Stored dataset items

▬▬▬▬▬▬

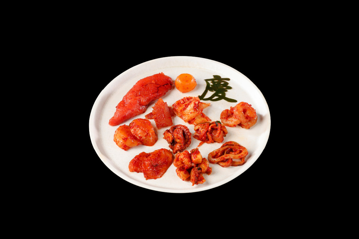 「お正月に慶のキムチが食べたい」「お年賀として贈りたい」そんな声にお応えして、数量限定80セットをご用意しました。特別仕込みのため、12月30日(火)に出来立てをそのまま発送いたします。今年は、世界記録達成「応援ありがとう」の気持ちを込めて特大明太子をおまけ、なんとあわびは増量!さらに今回は、ご購入者全員に “キムチにかけるごま油” の新春プレゼント付き!
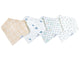 Our burp cloths are created with 100% ultra-soft cotton layers on the front (patterned) and back.  You can feel confident that baby will feel cozy against your shoulder while burping.
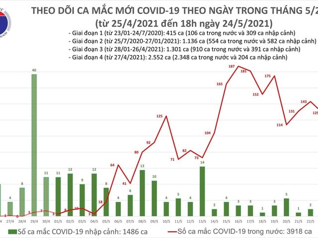 Chiều 24/5, theo thống kê của Bộ Y tế, Việt Nam ghi nhận 96 ca mắc COVID-19 mới, trong đó 1 ca được cách ly ngay, 95 ca lây lan trong cộng đồng.
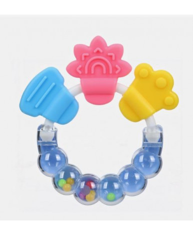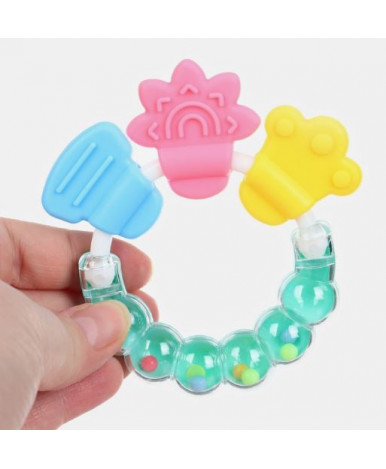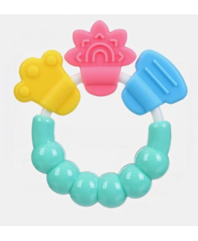 Прорезыватель-погремушка сочетает в себе сразу несколько функций: массаж дёсен, развитие мелкой моторики и координации. Его нежные голубые и зелёные цвета привлекают внимание малыша, а звуковые эффекты поддерживают интерес к игре.
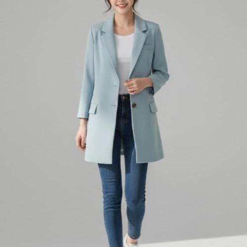 트윈 베이직 하프 롱자켓 UU-W002B긴팔재킷 여성심플 카라 싱글 여자 기본 단추
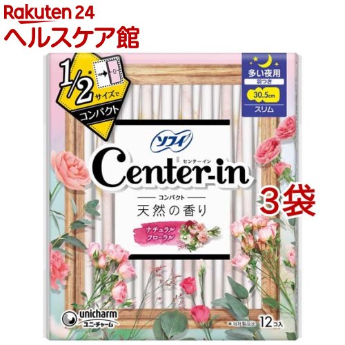 お店TOP>日用品>生理用品>生理用ナプキン>ナプキン スリムタイプ>センターインコンパクト1/2フローラル多い夜用 生理用品 夜用 (12個*3袋セット)商品区分:医薬部外品【センターインコンパクト1/2フローラル多い夜用 生理用品 夜用の商品詳細】●普通のスリムナプキンの1/2※のコンパクトサイズだから、持ち歩きにベストな上に、自然な良い香りがするナプキンです。 ※メーカー製品比●ふっくらと肌にやさしい質感の肌セレブシートを採用。 身体のカタチに合わせてフィットする構造で、スキマを作らず経血をたっぷり吸収するから、スリムでも安心です。 ●少しでも気分が上がるデザインと、癒しの香りがするセンターイン。 あなたが身も心も軽やかに過ごせるよう応援します。 【販売名】センターインt9F-17【使用方法】生理時に適宜取り替えてご使用ください。 【規格概要】表面材:ポリエステル/ポリエチレン/その他:香料/色調:白【保存方法】開封後はほこりや虫などの異物が入らないよう、衛生的に保管してください。 【注意事項】お肌に合わないときは医師に相談してください。 使用後のナプキンは個別ラップに包んで専用箱に捨ててください。 トイレに流さないでください。 【原産国】日本【ブランド】ソフィ センターインコンパクト【発売元、製造元、輸入元又は販売元】ユニ・チャーム※説明文は単品の内容です。 商品に関するお電話でのお問合せは、下記までお願いいたします。 受付時間9:30-17:00(月-金曜日、祝日除く)ベビー用品:0120-192-862生理用品:0120-423-001軽失禁・介護用品(ライフリー):0120-041-062生活用品(化粧パフ・一般ウェットティッシュ・お掃除用品など):0120-573-001衛生用品(マスク):0120-011-529ペットケア用品:0120-810-539リニューアルに伴い、パッケージ・内容等予告なく変更する場合がございます。 予めご了承ください。 ・単品JAN:4903111312993ユニ・チャーム東京都港区三田3-5-19住友不動産三田ガーデンタワー広告文責:楽天グループ株式会社電話:050-5577-5042[生理用品/ブランド:ソフィ センターインコンパクト/] センターインコンパクト1/2フローラル多い夜用 生理用品 夜用(12個*3袋セット)【wmc_3】【ソフィ センターインコンパクト】[生理用品] 1,076 円
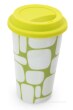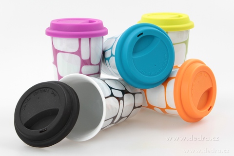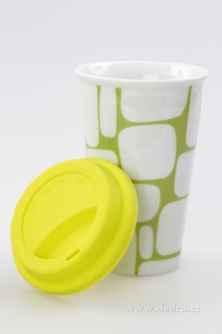 Kubek termiczny z podwójnymi ściankami, wykonany z porcelany z pokrywką silikonową, wysokość 15 cm, pojemność 275 ml.
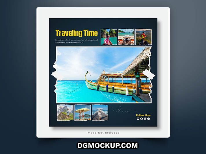 This modern Stylish 7-Photo Travel Collage Frame PSD with Ripped Paper and visually engaging Collage Frame PSD template is perfect for travel bloggers, collage designing fans, and tourism-based Photo Frame Mockup content. It features seven photo slots, each styled with a creative ripped paper edge, giving it a trendy scrapbook effect. The Social Media Post bold navy background and soft shadow enhance the overall premium look, while a vibrant yellow “Traveling Time” title immediately grabs attention. You can Also Download Free Business Cards.Stylish 7-Photo Travel Collage Frame PSD with Ripped Paper The Stylish 7-Photo Travel Collage Frame PSD with Ripped Paper large center frame is ideal for your main highlight photo, Magazine Mockup with six smaller ones around it for supporting shots. Whether you’re sharing a tropical beach vacation, mountain adventure, or family holiday, this editable PSD template helps you tell wedding album PSD the story beautifully. The design also includes follow icons for social promotion and fully layered smart objects, making customization a breeze. Images Free PSD Mockup are not included in the file—you can easily add your own with just a few clicks in Photoshop.
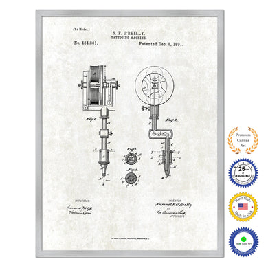 1891 Tattooing Machine Old Patent Art Print on Canvas Custom Framed Vintage Home Decor Wall Decoration Great for Gifts
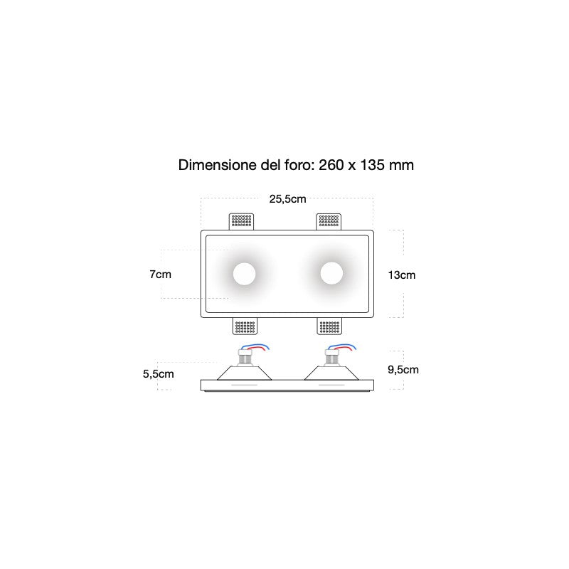 Portafaretto da incasso in gesso ceramico con forma conica, 25,5x13 cm, profondità 9,5 cm, completo di 2 portalampade GU10 e molla fermafaretto. Design elegante e funzionale.
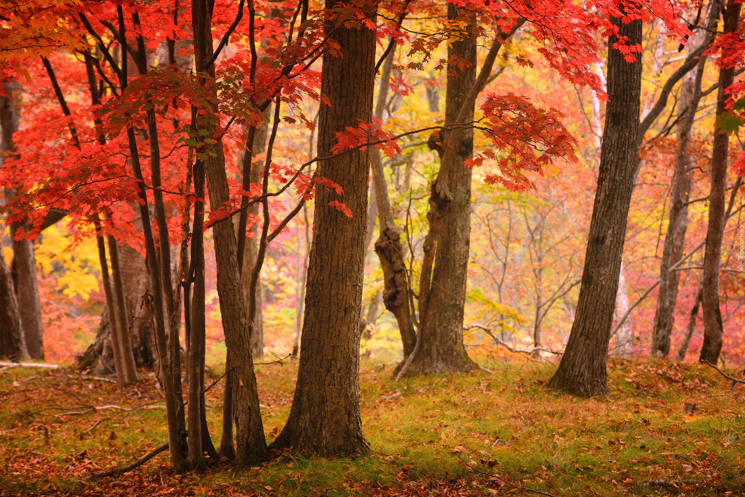 Edytor tapety: Kolorowe liście na jesiennych drzewach
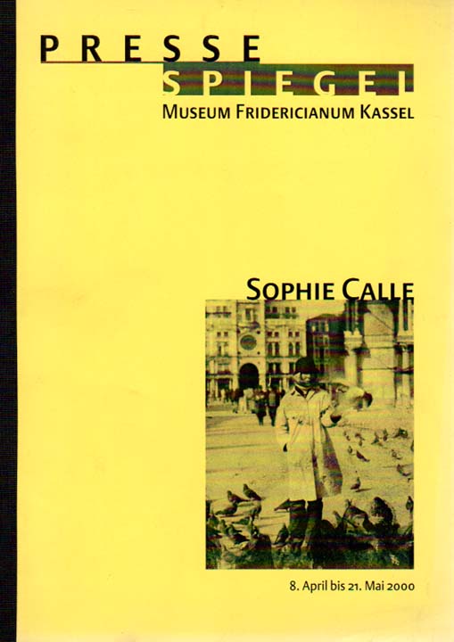 Calle, Sophie: Pressespiegel zu Die wahren Geschichten der Sophie Calle (8. April bis 21. Mai 2000). Stand: 2.6.2000. Erste Auflage. Kassel. Museum Fridericianum. 2000. 30 x 21 cm. 64 S. OKarton mit Leinenstreifen. Vorderer Einband und Vorsatz mit geringen Spuren von Büroklammer. Gutes bis sehr gutes Exemplar. Durchgehend mit xerographierten Pressemitteilungen (Printmedien, Online-Dienste, TV- und Radio-Sender) versehen.

▬▬▬▬▬▬

▶ [REQUIREMENT]:
Print the lines from the beginning of the records up to and including the line containing "お店TOP>日用品>生理用品>生理用ナプキン>ナプキン スリムタイプ>センターインコンパクト1/2フローラル多い夜用 生理用品", word for word, with no pictures.

▶ [EXERCISE OUTPUT]:
 「お正月に慶のキムチが食べたい」「お年賀として贈りたい」そんな声にお応えして、数量限定80セットをご用意しました。特別仕込みのため、12月30日(火)に出来立てをそのまま発送いたします。今年は、世界記録達成「応援ありがとう」の気持ちを込めて特大明太子をおまけ、なんとあわびは増量!さらに今回は、ご購入者全員に “キムチにかけるごま油” の新春プレゼント付き!
 Our burp cloths are created with 100% ultra-soft cotton layers on the front (patterned) and back.  You can feel confident that baby will feel cozy against your shoulder while burping.
 Chiều 24/5, theo thống kê của Bộ Y tế, Việt Nam ghi nhận 96 ca mắc COVID-19 mới, trong đó 1 ca được cách ly ngay, 95 ca lây lan trong cộng đồng.
 Прорезыватель-погремушка сочетает в себе сразу несколько функций: массаж дёсен, развитие мелкой моторики и координации. Его нежные голубые и зелёные цвета привлекают внимание малыша, а звуковые эффекты поддерживают интерес к игре.
 트윈 베이직 하프 롱자켓 UU-W002B긴팔재킷 여성심플 카라 싱글 여자 기본 단추
 お店TOP>日用品>生理用品>生理用ナプキン>ナプキン スリムタイプ>センターインコンパクト1/2フローラル多い夜用 生理用品 夜用 (12個*3袋セット)商品区分:医薬部外品【センターインコンパクト1/2フローラル多い夜用 生理用品 夜用の商品詳細】●普通のスリムナプキンの1/2※のコンパクトサイズだから、持ち歩きにベストな上に、自然な良い香りがするナプキンです。 ※メーカー製品比●ふっくらと肌にやさしい質感の肌セレブシートを採用。 身体のカタチに合わせてフィットする構造で、スキマを作らず経血をたっぷり吸収するから、スリムでも安心です。 ●少しでも気分が上がるデザインと、癒しの香りがするセンターイン。 あなたが身も心も軽やかに過ごせるよう応援します。 【販売名】センターインt9F-17【使用方法】生理時に適宜取り替えてご使用ください。 【規格概要】表面材:ポリエステル/ポリエチレン/その他:香料/色調:白【保存方法】開封後はほこりや虫などの異物が入らないよう、衛生的に保管してください。 【注意事項】お肌に合わないときは医師に相談してください。 使用後のナプキンは個別ラップに包んで専用箱に捨ててください。 トイレに流さないでください。 【原産国】日本【ブランド】ソフィ センターインコンパクト【発売元、製造元、輸入元又は販売元】ユニ・チャーム※説明文は単品の内容です。 商品に関するお電話でのお問合せは、下記までお願いいたします。 受付時間9:30-17:00(月-金曜日、祝日除く)ベビー用品:0120-192-862生理用品:0120-423-001軽失禁・介護用品(ライフリー):0120-041-062生活用品(化粧パフ・一般ウェットティッシュ・お掃除用品など):0120-573-001衛生用品(マスク):0120-011-529ペットケア用品:0120-810-539リニューアルに伴い、パッケージ・内容等予告なく変更する場合がございます。 予めご了承ください。 ・単品JAN:4903111312993ユニ・チャーム東京都港区三田3-5-19住友不動産三田ガーデンタワー広告文責:楽天グループ株式会社電話:050-5577-5042[生理用品/ブランド:ソフィ センターインコンパクト/] センターインコンパクト1/2フローラル多い夜用 生理用品 夜用(12個*3袋セット)【wmc_3】【ソフィ センターインコンパクト】[生理用品] 1,076 円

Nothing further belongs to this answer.